### PROBLEM DETAILS
Among the entries below, copy only the span from the line containing "在大学生课外科技创新实践基地" through the line containing "Дисковая щетка ЗУБР". Do so exactly, and skip the pictures.

### DATA
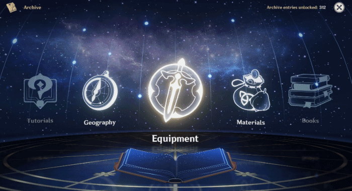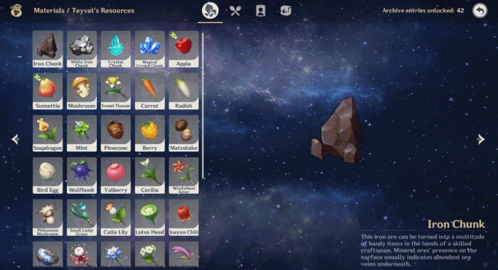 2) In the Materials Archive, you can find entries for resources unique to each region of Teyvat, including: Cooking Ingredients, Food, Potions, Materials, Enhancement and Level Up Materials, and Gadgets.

---

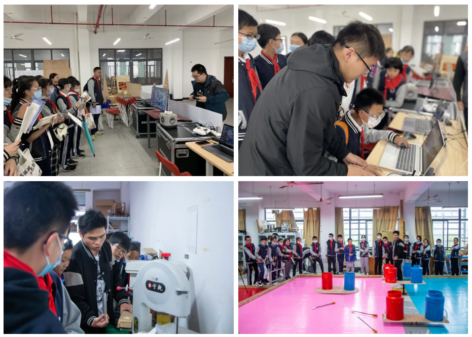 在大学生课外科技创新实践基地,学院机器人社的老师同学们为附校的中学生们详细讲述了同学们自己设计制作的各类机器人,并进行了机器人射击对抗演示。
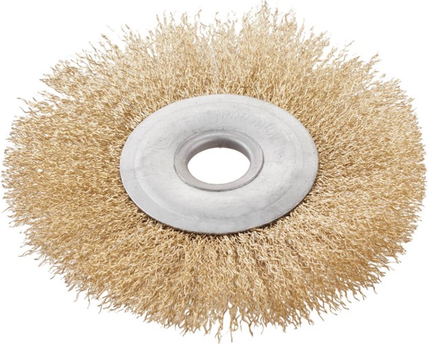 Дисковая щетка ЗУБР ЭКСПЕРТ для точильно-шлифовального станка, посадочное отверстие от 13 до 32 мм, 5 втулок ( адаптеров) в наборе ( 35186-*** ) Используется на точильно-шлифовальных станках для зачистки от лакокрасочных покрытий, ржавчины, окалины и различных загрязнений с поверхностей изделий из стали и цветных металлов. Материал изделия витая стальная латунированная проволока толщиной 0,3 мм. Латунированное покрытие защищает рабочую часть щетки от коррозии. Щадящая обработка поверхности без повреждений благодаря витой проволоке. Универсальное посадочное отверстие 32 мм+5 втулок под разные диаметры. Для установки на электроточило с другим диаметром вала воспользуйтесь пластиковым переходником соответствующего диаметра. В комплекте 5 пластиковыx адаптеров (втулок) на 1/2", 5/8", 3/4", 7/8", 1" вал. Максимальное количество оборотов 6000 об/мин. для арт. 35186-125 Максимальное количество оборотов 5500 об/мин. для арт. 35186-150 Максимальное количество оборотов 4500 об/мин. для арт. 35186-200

### PROBLEM SOLUTION
 在大学生课外科技创新实践基地,学院机器人社的老师同学们为附校的中学生们详细讲述了同学们自己设计制作的各类机器人,并进行了机器人射击对抗演示。
 Дисковая щетка ЗУБР ЭКСПЕРТ для точильно-шлифовального станка, посадочное отверстие от 13 до 32 мм, 5 втулок ( адаптеров) в наборе ( 35186-*** ) Используется на точильно-шлифовальных станках для зачистки от лакокрасочных покрытий, ржавчины, окалины и различных загрязнений с поверхностей изделий из стали и цветных металлов. Материал изделия витая стальная латунированная проволока толщиной 0,3 мм. Латунированное покрытие защищает рабочую часть щетки от коррозии. Щадящая обработка поверхности без повреждений благодаря витой проволоке. Универсальное посадочное отверстие 32 мм+5 втулок под разные диаметры. Для установки на электроточило с другим диаметром вала воспользуйтесь пластиковым переходником соответствующего диаметра. В комплекте 5 пластиковыx адаптеров (втулок) на 1/2", 5/8", 3/4", 7/8", 1" вал. Максимальное количество оборотов 6000 об/мин. для арт. 35186-125 Максимальное количество оборотов 5500 об/мин. для арт. 35186-150 Максимальное количество оборотов 4500 об/мин. для арт. 35186-200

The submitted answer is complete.